Namun, kenyataannya, insentif pajak hampir selalu akan ditawarkan sebagai umpan yang tak terpisahkan dari paket besar untuk menarik investasi. Pemerintah, yang mencanangkan target realisasi investasi sebesar Rp 765 triliun dan pertumbuhan ekonomi sebesar 5,4% pada 2018 ini, mau tak mau harus menggelar karpet lebar-lebar kepada para investor agar rencana besar itu tercapai. Oleh karena itu, bersolek untuk memperbaiki iklim investasi pun dilakukan, termasuk memoles paket insentif pajak.
Tetapi, hal yang seringkali alpa dilakukan pemerintah adalah menilai sejauh mana insentif pajak sudah cukup cantik untuk mendulang investasi yang datang. Jika pada tahun 2017 saja paket insentif pajak tidak banyak dimanfaatkan, maka bisa saja kesimpulan sembarangan pun muncul: insentif ini tidak menarik-menarik amat, atau bahkan tak perlu-perlu amat untuk diterapkan.
Publikasi yang diterbitkan oleh Badan Koordinasi Penanaman Modal (BKPM) seakan mempertegas klaim tersebut. Pada 2017 lalu, total realisasi investasi Penanaman Modal Dalam Negeri (PMDN) dan Penanaman Modal Asing (PMA) mencapai nilai Rp 692,8 triliun, lebih dari target yang dibebankan sebesar Rp 678,8 triliun.

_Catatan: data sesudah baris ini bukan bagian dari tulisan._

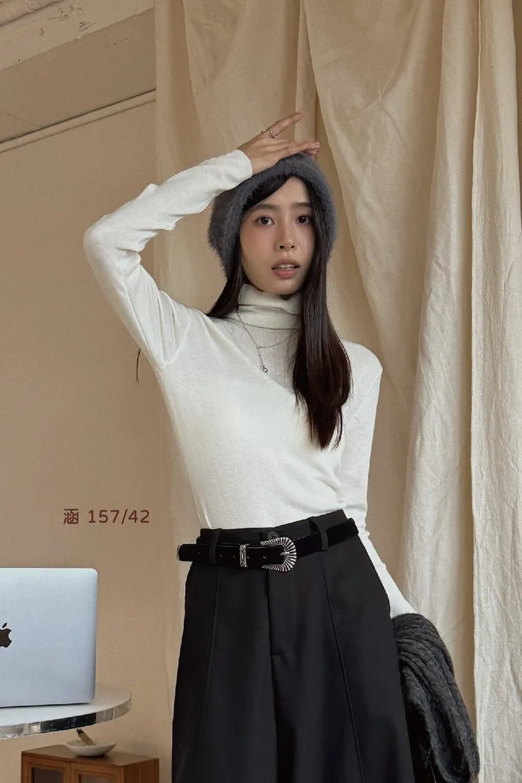 這件看似是一件簡單素面的高領毛衣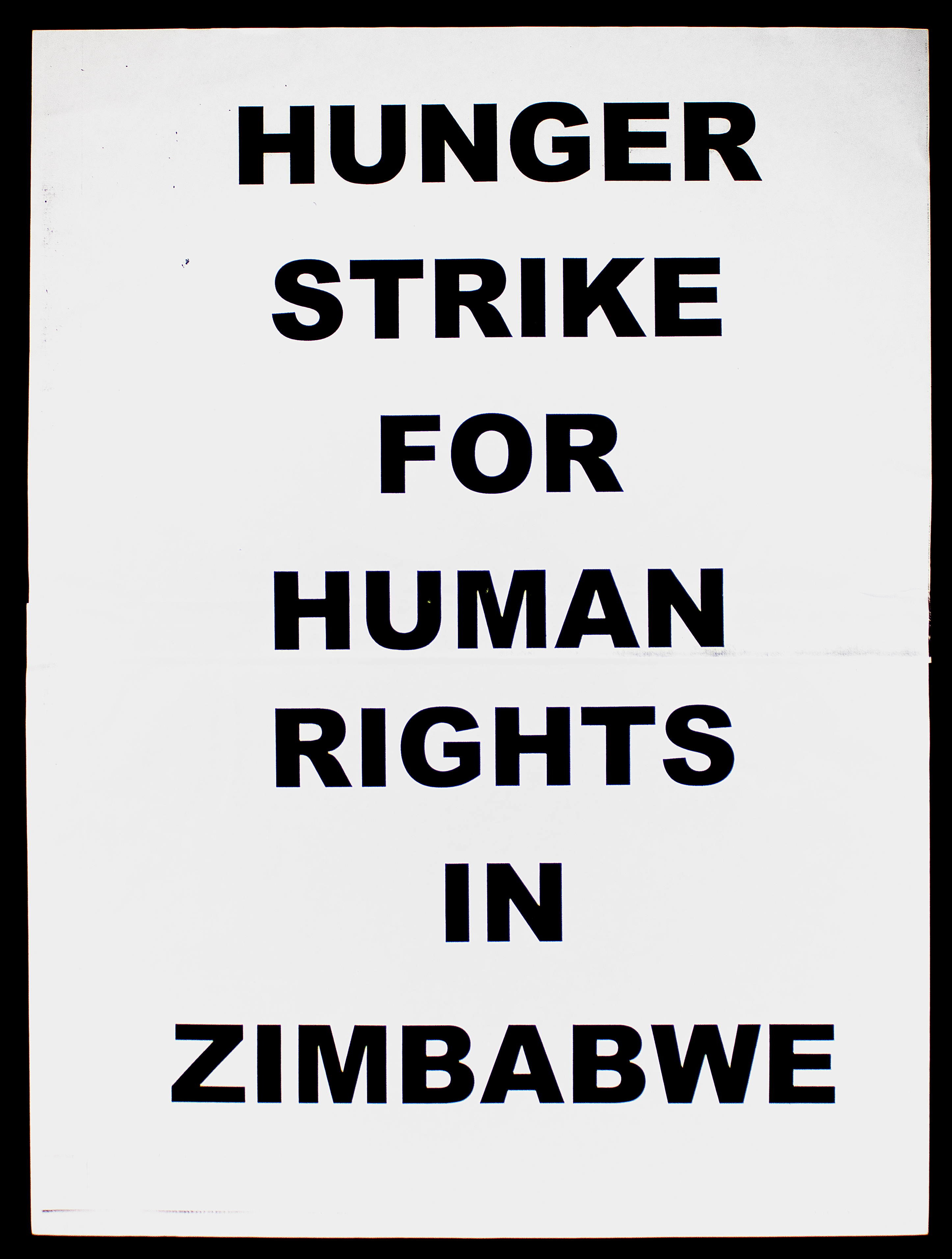 OutRage! was a queer direct action group formed in May 1990 and active until 2011. Its aims were to assert the human rights of LGBTQIA people; to fight homophobia, discrimination and violence; and to affirm rights to sexual freedom and self-determination. This is a plain white poster with black text reading "Hunger strike for human rights in Zimbabwe" The OutRage! logo is at the bottom of the poster.

Investasi yang terus menggelontor besar dibandingkan sepinya peminat insentif pajak menjadi cermin betapa selama ini insentif pajak seperti antah di tepi gantang: ada tetapi tidak begitu dihiraukan. Ada atau tidaknya insentif pajak tidak mempengaruhi itikad investor untuk berinvestasi di Indonesia.
Hal ini senada dengan studi yang dilakukan oleh United Nations Industrial Development Organization (UNIDO) mengenai iklim investasi. Dalam studi tersebut, diketahui kalau investor memang tidak terlalu memedulikan ada atau tidaknya insentif pajak sebagai pertimbangan untuk melakukan investasi. Mereka lebih mementingkan stabilitas ekonomi dan politik, biaya bahan baku, pangsa pasar lokal, transparansi dalam hukum, ketersediaan tenaga kerja terlatih, biaya tenaga kerja, hingga adanya kerja sama dan perjanjian bilateral sebagai pertimbangan berinvestasi di sebuah negara. Maka, pemerintah perlu mengutak-atik skema insentif pajak yang tepat dan mengawinkannya dengan faktor-faktor lain tadi agar tetap menarik dan efektif.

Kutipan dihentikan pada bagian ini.